To combat disengagement, go the extra mile to connect your coursework to real-life applications. Give students a rationale for the content and include them in the learning objectives. Ask them at the beginning of a semester what they want to get out of the course, and circle back to objectives often. You can also ask students to find examples of your course content playing out in current events or in the media.

Gen Z Prefers Short and Engaging Content

Gen Z earned the nickname “the Now Generation” because they’re used to pulling up any information on demand. Gen Z students have an average attention span of eight seconds, one-third less than Millennials’ span of 12 seconds. In an educational context, they want to learn faster and don’t have a tolerance for slow processes. 

How Educators Can Adapt: Ditch the Straight-Up Lecture

Kimberlee Mendoza, PhD., whose research focuses on Gen Z in the classroom, says that straight lectures are the number one reason for student disengagement. “Ten minutes in, you are going to lose them if you don’t give them short spurts of something. Do you really want someone just sitting them for 50 minutes, not learning anything? That’s not why we become educators.”

Instead, educators should give short bursts of content, breaking up lectures every 10 minutes by playing a video, having a discussion, or a group activity that facilitates movement. You can even encourage students to get up and move around the classroom. 

“This is a kinesthetic generation. 90% of people in my study had some form of kinesthetic need,” said Mendoza. “We’re expecting them to just sit there and listen when they’re not auditory. In fact, everyone I interviewed could not do auditory just by itself—they’re very kinesthetic. So that activity, they really need it or they’re not engaged.”

Gen Z Prefers Technology-Based Learning

Gen Z is the first generation of truly “digital natives”– people who can’t imagine their life without constant technology. 98% of Gen Z own a smartphone and frequently use multiple screens at a time. They’re the biggest consumer of video content, favoring short video content and using YouTube more than any other social media platform. 

A study by the University of Nebraska found that Gen Z students spend 19.4% of classroom time using a device for non-class purposes, an average of nine times in a school day.

How Educators Can Adapt: Incorporate Technology

Many teachers view smartphones as a distraction from classroom learning, but that isn’t necessarily the case. While students may use a phone or tablet to tune out, they can also use it to enhance learning like taking notes or finding supplementary sources. 

Find ways for your students to engage with course material using their phones, like Kahoot! polls or learning games. Online quizzes give students immediate feedback, which Gen Z students love. Encourage note-taking and engagement with classroom apps like Canvas. You can also share YouTube videos about how to cite sources or make a Loom video explaining an assignment. 

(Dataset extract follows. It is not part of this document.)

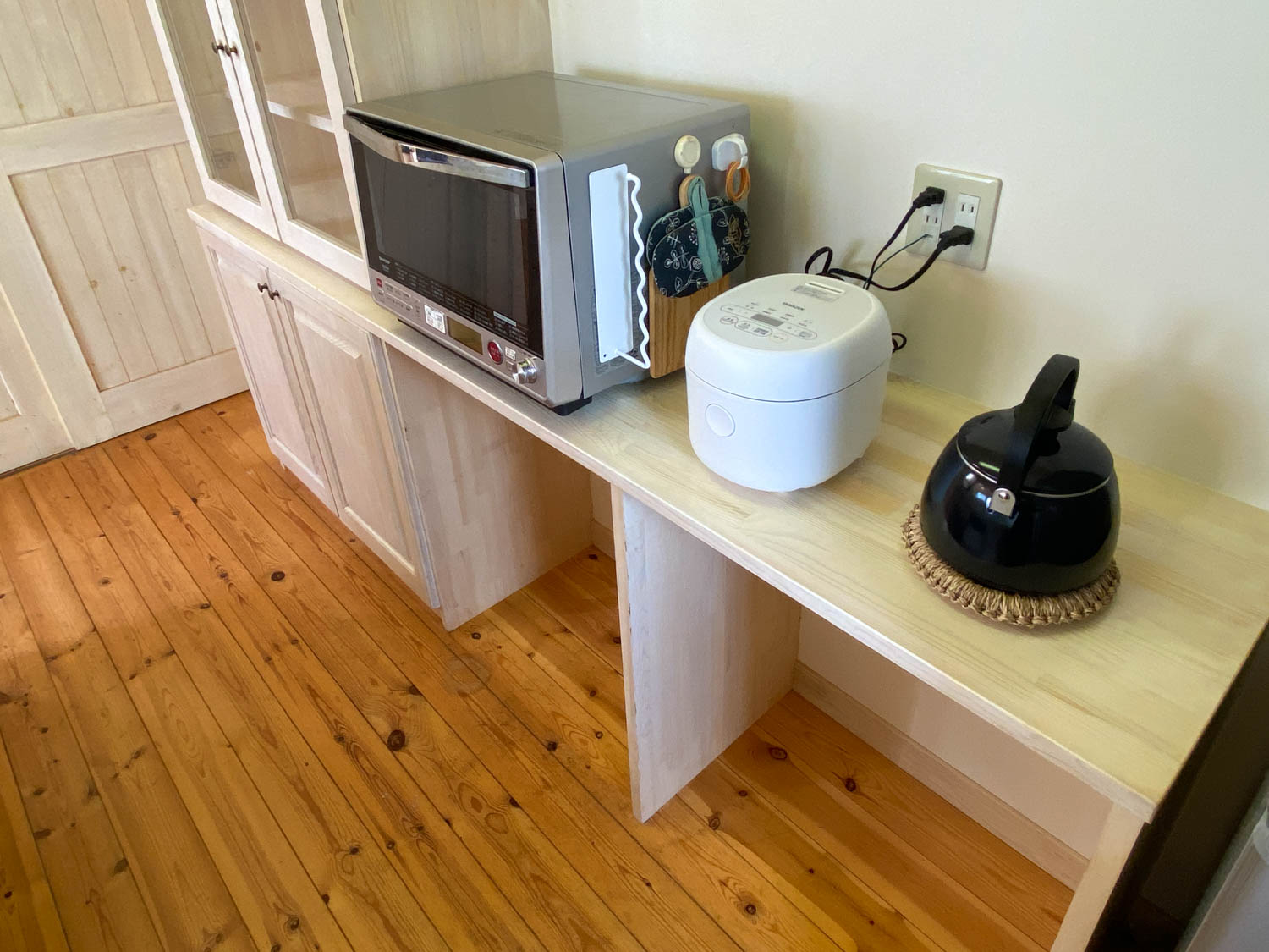 机の上にコンセントも設置されているので、パソコンやタブレッドでの作業も捗ります。

Outside of the classroom, give students tools where they can practice their knowledge at their own pace, rather than busywork assignments. Tools like SkillMill help students embrace technology by allowing them to learn virtually with online immersive simulations that can be accessed both in the classroom and at home. 

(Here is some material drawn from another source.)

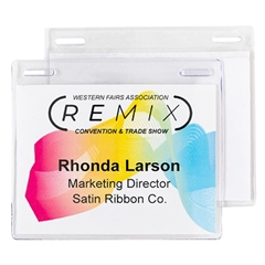 Horizontal badge holders are great for meetings, trade shows and special events. Choose from single, double, or multiple slots. Holes are also available either by themselves or along with slots. These badge holders work great with almost any of our lanyards, cords and Stick-n-Stack ribbons! Badge measurements are based on insert size.

Gen Z Prefers Experiential Learning

An Adobe study about Gen Z found that both students and teachers believe Gen Z learns best through doing and creating, and thrives on hands-on experiences. This isn’t new: as early as the 1960s, researcher Edward Dale’s “Cone of Experience” theorized that people generally recall 10% of what they read, 20% of what they hear, 50% of what they see and hear, and 90% of what they do.

Gen Z teachers believe that hands-on learning is the number-one way they can prepare students for the workforce, but the curriculum hasn’t caught up.

Case in point: when asked which learning methods were most effective, 78% of Gen Z students cited doing/creating, yet only 16% of students said this method is regularly incorporated into the classroom. Instead, the most popular teaching methods were still reading, writing, and listening– which both teachers and students ranked as least effective.  

How Educators Can Adapt: Add Interactive Learning and Collaborative Projects

Fieldwork in a lab or an internship is the best way for students to gain hands-on, experiential learning, but access is limited by resources and budgets. To engage students inside the classroom or in a virtual learning environment, look for experiential learning tools that incorporate 3D simulations to mimic real-world experiences. Simulation-based activities, like those offered by Interplay Learning, provide interactive courses to give students more opportunities to participate in hands-on learning.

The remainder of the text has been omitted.